Static Analysis Automation for Hunting Vulnerable Kernel Drivers

https://blogs.vmware.com/security/2023/10/hunting-vulnerable-kernel-drivers.html
https://github.com/TakahiroHaruyama/VDR

Microsoft Windows allows loading kernel drivers with signatures whose certificates are expired or revoked. This policy facilitates threat actors to defeat AV/EDR sensors or install bootkits using known vulnerable drivers. Since the Windows 11 2022 update, the vulnerable drivers are blocked by default using HVCI. However, this banned-list approach is only effective if the vulnerable driver is known in advance.

Previous research utilized symbolic execution for automating the discovery of vulnerable drivers. Symbolic execution sometimes fails by causing path explosions or false negatives. Additionally, previous research focused primarily on WDM drivers. WDF drivers, whose code and data structures are different by versions and compiler settings, have been unexplored sufficiently.

In this presentation, I will explain how to identify vulnerable WDM/WDF drivers that contain firmware access (physical memory read/write). Detecting the drivers is almost the only way for OS-level security software to catch bootkit installation behavior that modifies SPI flash memory. Moreover, the drivers handling such low-level I/O often contain other vulnerabilities like kernel virtual memory access.

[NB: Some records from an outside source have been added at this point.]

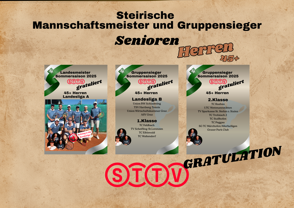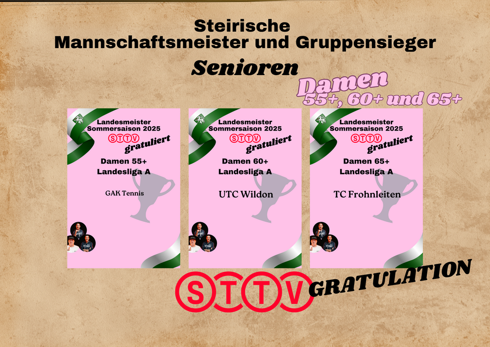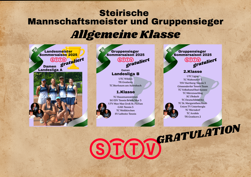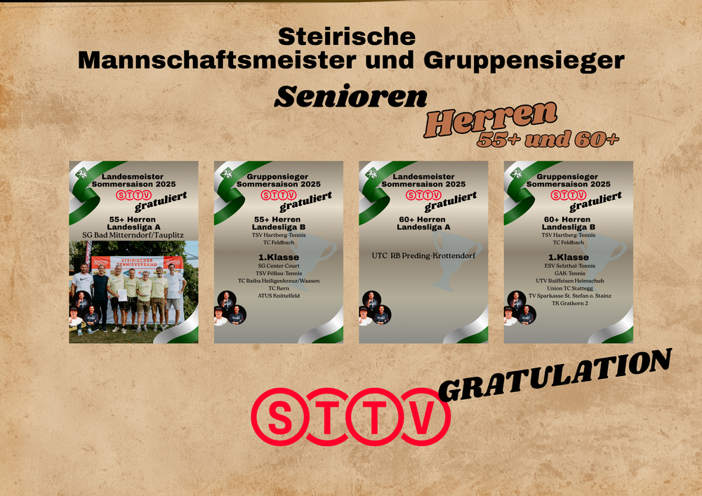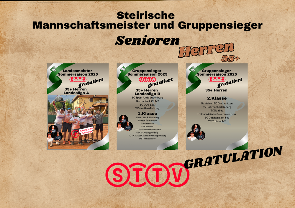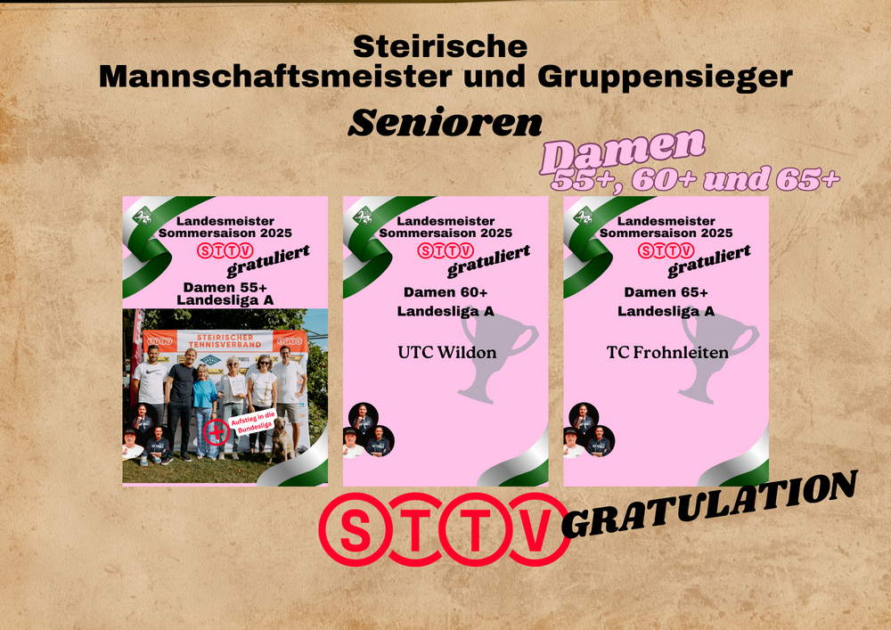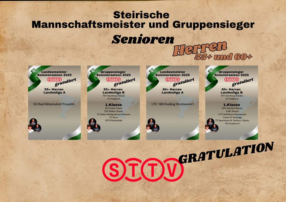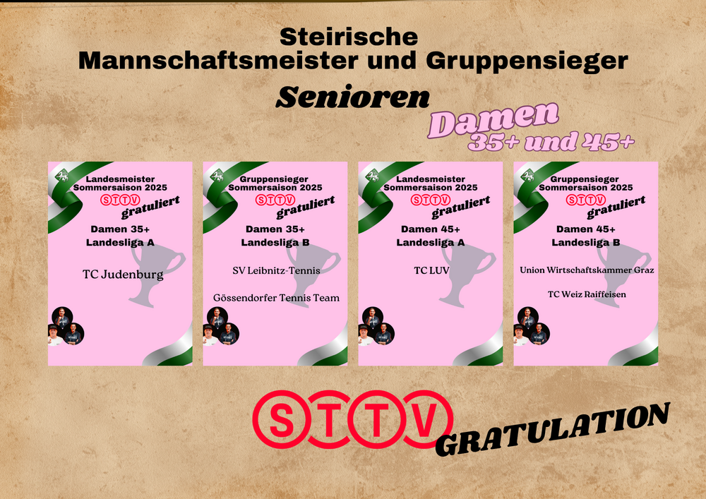 Der Steirische Tennisverband setzt ein starkes Zeichen der Anerkennung: Mit der neuen Ehrentafel für Gruppensieger würdigen wir ab sofort alle Mannschaften, die sich in der abgelaufenen Saison in ihrer Gruppe durchgesetzt haben – und das altersklassenübergreifend, von den jüngsten Nachwuchsspieler:innen bis hin zu den engagierten Senior:innen.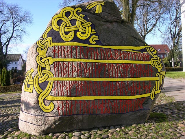 C’mon, du kan godt læse det. Det hører med til at være en dannet dansker at udsætte sig for det sprog, som dine forfædre talte. Mjææ men jeg er 2. generationsindvandrer – fint, så bare husk at kimbrerne kom fra Syrien, så går det alt sammen. Du får et enkelt ord: kumbler betyder runer eller ord. Rul på r’erne og og bið dig selv i tungen og lyd som en islænding, for islandsk i dag kommer tættest på, hvordan de talte både oldnordisk og oldengelsk.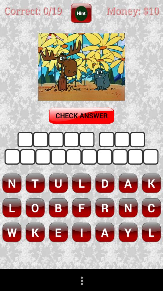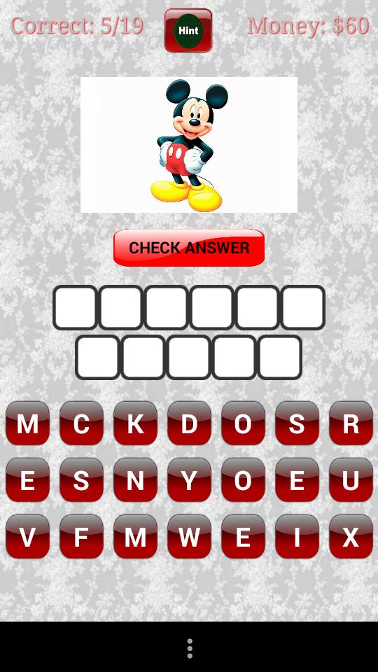 Escriba el nombre del personaje de dibujos animados que aparece. Gana moneda por cada respuesta correcta. Use el botón Sugerencia para obtener pistas para las preguntas que no sabe. Muy adictivo para los niños 5+.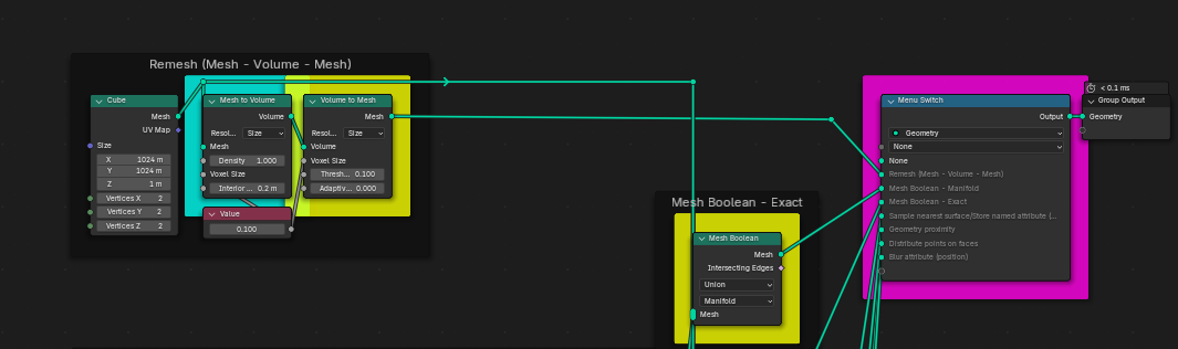 For example, first “Remesh” calculation generates excessively large amount of geometry, specifically 210 124 802 vertices and my system is unable (or gives up) to render it. I wonder, if your system will be able to or if this is Blender’s own limitation. Please, let me know, if it renders all that geometry for you or not. And computational time, of course.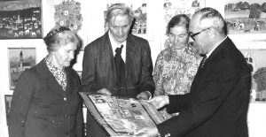 Max Raffler mit seinen Schwestern Fanny, Maria und dem damaligen Pfarrer Wolfgang Schmid in einer Ausstellung im Greifenberger Pfarrsaal, 1982
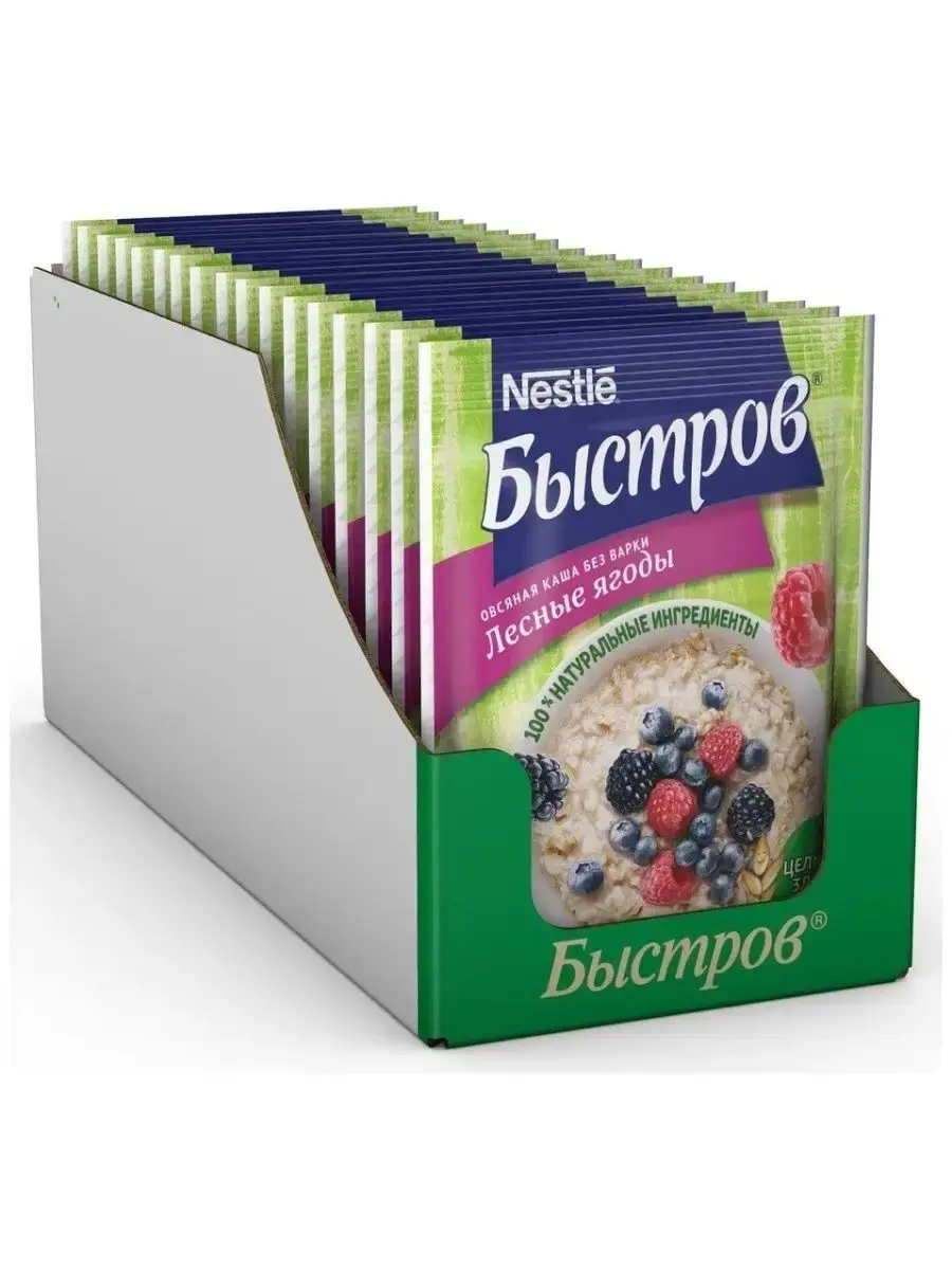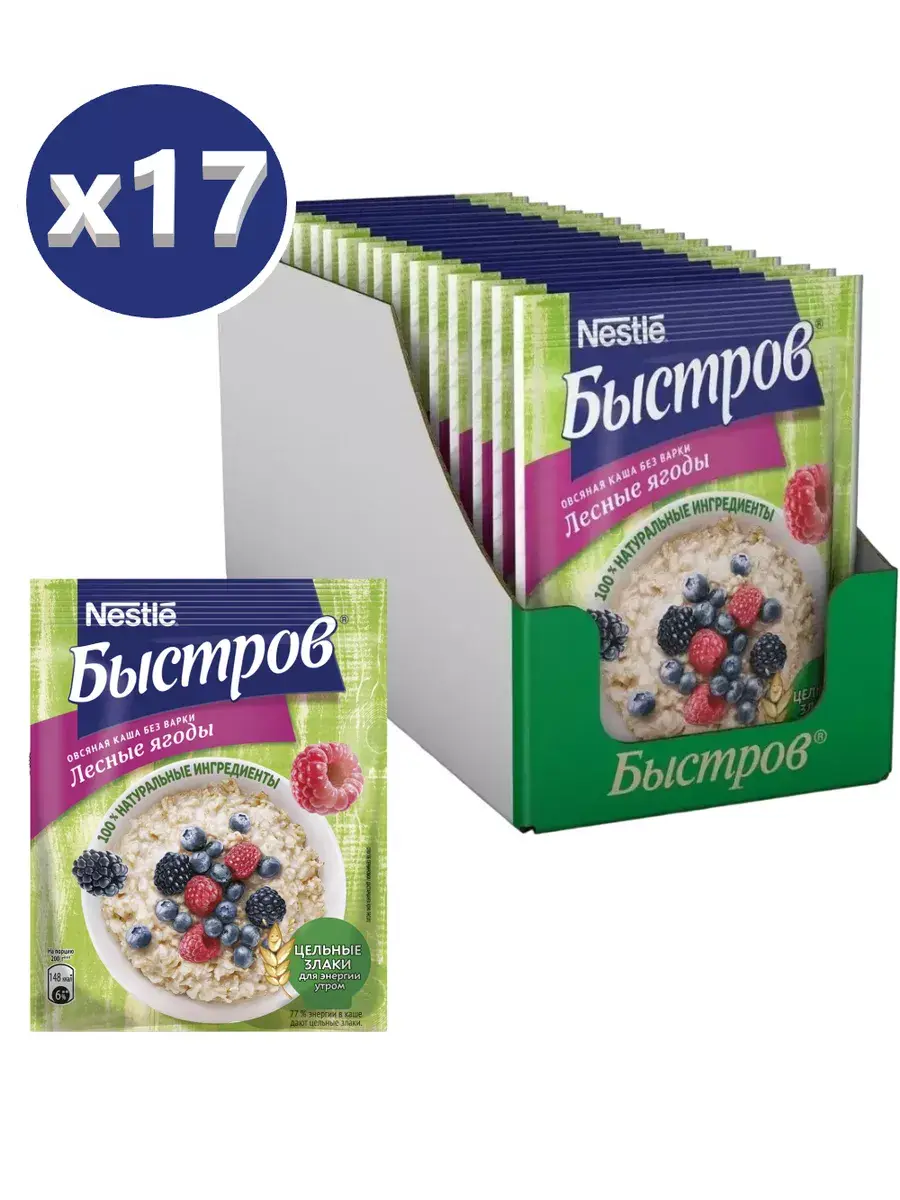 Начни утро с полезных каш Быстров! В хлопьях сохранены все полезные компоненты овсяного зерна (оболочка, эндосперм и зародыш), а значит максимум полезных свойств. Каждая порция каши является источником пищевых волокон (клетчатки), необходимых для пищеварения. Хлопья в каше такие же полезные, как и варимые, но они тоньше поэтому для приготовления их достаточно залить кипятком. Спелые отборные кусочки лесных ягод проходят процесс быстрой заморозки, а затем под вакуумом из них удаляется влага. Данный метод позволяет сохранить структуру, цвет и вкус свежих ягод. Способ приготовления: высыпьте содержимое пакета в тарелку. Залейте кипятком (160 мл). Тщательно размешайте. Накройте, подождите 5 минут. В комплекте 1 блок, в котором 17 пакетиков по 40г.

I automated the hunting process using an IDAPython script with two functions based on the Hex-Rays Decompiler SDK: triage and analysis. The triage function identifies IOCTL handlers then finds execution paths to the target APIs/instructions. The analysis function fixes union fields in IOCTL-related structures and sets argument names/types of the WDF APIs. Then it propagates function argument names/types in subroutines recursively to quickly decide if the I/O can be controlled.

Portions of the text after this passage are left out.